I am also kinda sick and tired of explaining to visitors that I am not the reason our entry way reeks of weed. With as trigger happy as the Portland cops seem to be, I also worry about things like drug raids gone wrong,(hey, I was a cop, I KNOW what can happen), as well as all kinds of other dodgy characters wandering around at all hours, so when I noticed that the old managers apartment was being totally gutted and redone, I inquired about moving into it.
It is really going to be swanky with new appliances, paint, fixtures and ceramic tile, and to top it off, the bedrooms are a LOT bigger than the ones we currently have. The neighbors are all older, quieter, non-smokers and there are NONE on one whole side of us. Its a little bit more money each month, but it has a front lawn that nobody brings their dog down to crap on, and it also has a screen door.

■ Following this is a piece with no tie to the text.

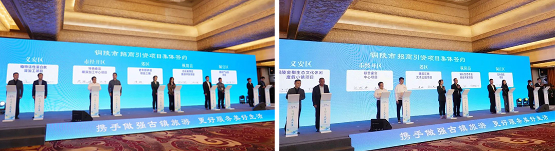 會上發(fā)布了長三角十大古鎮(zhèn)文旅消費新場景,長三角生態(tài)綠色一體化發(fā)展示范區(qū)執(zhí)行委員會和滬蘇浙皖四地文化和旅游部門共同為古鎮(zhèn)代表頒發(fā)獎杯。著名主持人周群為大通古鎮(zhèn)作文旅推介,講述大通古鎮(zhèn)的傳奇與魅力。隨后,10個在銅招商引資項目進行集體簽約。上海市南翔古鎮(zhèn)、江蘇省黎里古鎮(zhèn)、浙江省西塘古鎮(zhèn)、安徽省西遞古鎮(zhèn)的代表分別就古鎮(zhèn)發(fā)展案例進行分享;揚州大學(xué)旅游烹飪學(xué)院教授、博士,研究生導(dǎo)師孫琨和安徽師范大學(xué)文化旅游策劃研究中心主任、教授,博士生導(dǎo)師楊效忠分別就“新質(zhì)生產(chǎn)力背景下古鎮(zhèn)文旅業(yè)態(tài)創(chuàng)新升級”“古鎮(zhèn)旅游創(chuàng)意方法與發(fā)展路徑”進行交流分享。

Its going to be a bit of a pain in the ass to move, but I have already recruited several people to help, so we should be able to get it knocked out in a day, but what really amazes me is the fact that we came here a year ago with 7 bags, that's right Rog, SEVEN meager bags of clothing and miscellaneous electronics, and now? Hell! Now, we have STUFF!
My kids both have beds. I have a bed. We have a couple of old televisions and we have some chairs and a table. We HAVE stuff to move. I am starting to get a few books again and even a few art things. My boy has a guitar and my baby girl has a ukulele and a few cheap musical instruments she piddles around with. We have acquired things, which I do not usually hold in high regard, but I think they mean we are actually making some progress. I have built a bit of a home for my kids. I can feed and clothe my kids, I have successfully kept us somewhat sane and happy through this year and we are returning to the beginning in a few weeks. We have tickets to another 100 Monkeys concert.
I have grown somewhat as a person and a parent I like to think. I am finally allowing my daughter so venture away from me for the first time to attend an overnight church camp. While the prospect terrifies me, I know its something she wants and needs to do as a child in order to grow. She is excited but nervous as well and she is insisting on taking her Jackson with her for security. She has never slept a night without him, and while I am afraid of her losing him or some nefarious other child stealing him away and breaking her heart, I have done all I can to ensure he will return with her, including tattooing her name on his paw, and taping our phone number and such to his fuzzy behind with offers of a reward if he is returned to her if lost and then found. I dont know quite how I am going to deal with her being gone. I haven't been away from her for an extended period of time, ever, so I am liable to be a huge emotional wreck as well, after all...I had a panic attack and followed the bus to school the first time she ever rode it, to make sure she actually made it to school. I wont have that option with this trip, she will be several hours away from me and I will just have to cope.
Son leaves for camp the week after. He has been several times before and hes pretty excited as well. He has been gone more than he has been around this summer, enjoying his last bit of freedom before school starts back and I turn him into an inmate only with less privileges. His grades had better improve this next year or I will have to follow through and start following him to school and meeting with his teachers daily to find out how hes doing, or better yet, volunteering at the school so I can better keep an eye on things.
Moving is going to be a good thing for us. Its a 2 bedroom, 1 bathroom, which means we will have to share a bathroom. I am not thrilled with the prospect of that, but considering that my son seems to be incapable of keeping a bathroom to himself sanitary by any stretch of the imagination, I guess it will mean just one less to clean and maybe I can get him to finally grasp the concept of aiming.